The NSW Minister for Resources and Energy, Chris Hartcher, a strong advocate for coal mining, insisted on radio in Newcastle in July that it was merely “coincidental” that the decision to elevate the economic benefits of coal mining within planning laws had followed Rio Tinto’s setback in the Land and Environment Court.
When asked by ABC Radio morning host Jill Emberson if it were merely coincidental, Hartcher replied: “It is only coincidental in this sense; that the new NSW planning policy does not relate to the matter which is now before the court.”
The case he refers to is Rio Tinto’s appeal against the Bulga decision (the appeal hearing has now concluded and a decision is expected this month). Hartcher added that the proposed coal-mine planning laws would have no effect on the decision of the court hearing Rio Tinto and the Government’s appeal of the Bulga decision.

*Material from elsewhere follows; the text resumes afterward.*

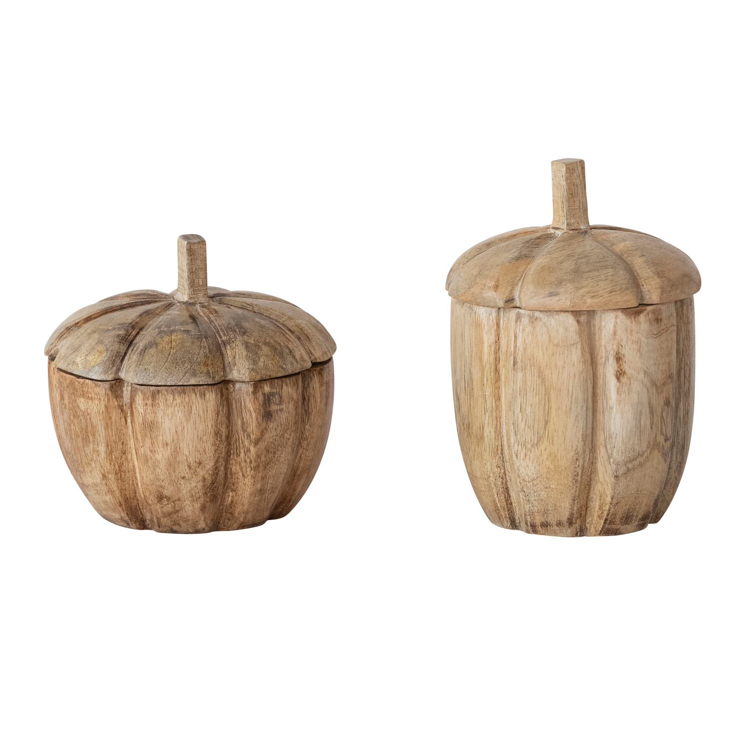 Catalog Name: 4-1/2" Round x 6-1/2"H Hand-Carved Mango Wood Pumpkin Shaped Container w/ Lid, Natural

What he did not say was that, if the new mining laws are passed and should Rio Tinto lose its current appeal, it will be open to the company to resubmit its entire case for its Mount Thorley Warkworth mine expansion. John Krey, the Bulga resident who engineered the successful challenge to the mine expansion in the Land and Environment Court believes that Rio Tinto’s case would succeed with the new laws in place.
Of 38 sets of documents the government said came within the ambit of The Global Mail’s freedom of information request, only three sets of documents were released. Among them was a Department of Planning briefing note setting out the rationale for changing the mining laws to further favour big coal miners.

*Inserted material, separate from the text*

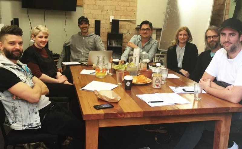 Godfrey de Grut, Jeff Newton of NZ On Air, journalist Lydia Jenkin, Mikhal Norriss of iHeart Radio, Rockquest/Parachute Music’s Matt Ealand and Ross Flahive of ZM.

The briefing note said mining provided substantial benefits to the state of NSW through job creation, economic growth, investment in infrastructure, and royalties paid by mining companies to the state government, which amounts to hundreds of millions annually.
The note then said: “Despite the significant contributions of resource industries to the State, there is currently no express requirement in planning legislation to acknowledge this when determining a mining development application.”
The NSW Environmental Defenders Office (EDO) – the law centre which ran the case against Rio Tinto in the Land and Environment Court – was among one of more than 1,000 groups and individuals who made submissions to the Government about the changes to the mining laws. A large majority were against the proposed changes.
The EDO said the Government – by promoting the changes to the law – appeared to be saying that the economic benefits of mining would in future outweigh the negative impacts on rural towns, villages and the natural environment around them. It said these communities would be even more disadvantaged under the new laws because mining developments would be more likely to encroach upon them.
Of the 38 sets of documents the Department of Planning found were caught by The Global Mail’s freedom of information request, it refused to release 20 on the grounds that their secrecy needed to be preserved because they involved the department’s staff communicating with the department’s in-house lawyers.
The department wrote: “Client legal privilege can be claimed in relation to communications between a client (in this case, departmental offices) and a lawyer (in this instance, a departmental lawyer) which are confidential in nature and were brought into existence for the dominant purpose of enabling the client to obtain , or a lawyer to give legal advice.”
And while Chris Hartcher has denied there is a connection between the Land and Environment Court’s landmark Bulga decision and his government’s plans to change planning laws to favour miners, the department’s letter to The Global Mail suggests there might be a connection: it said the information in the documents it was holding back was relevant to both the Land and Environment Court’s decision to overturn approval for Rio Tinto’s Mount Thorley Warkworth mine expansion and the subsequent proposals by the government to change planning laws in the miners’ favour.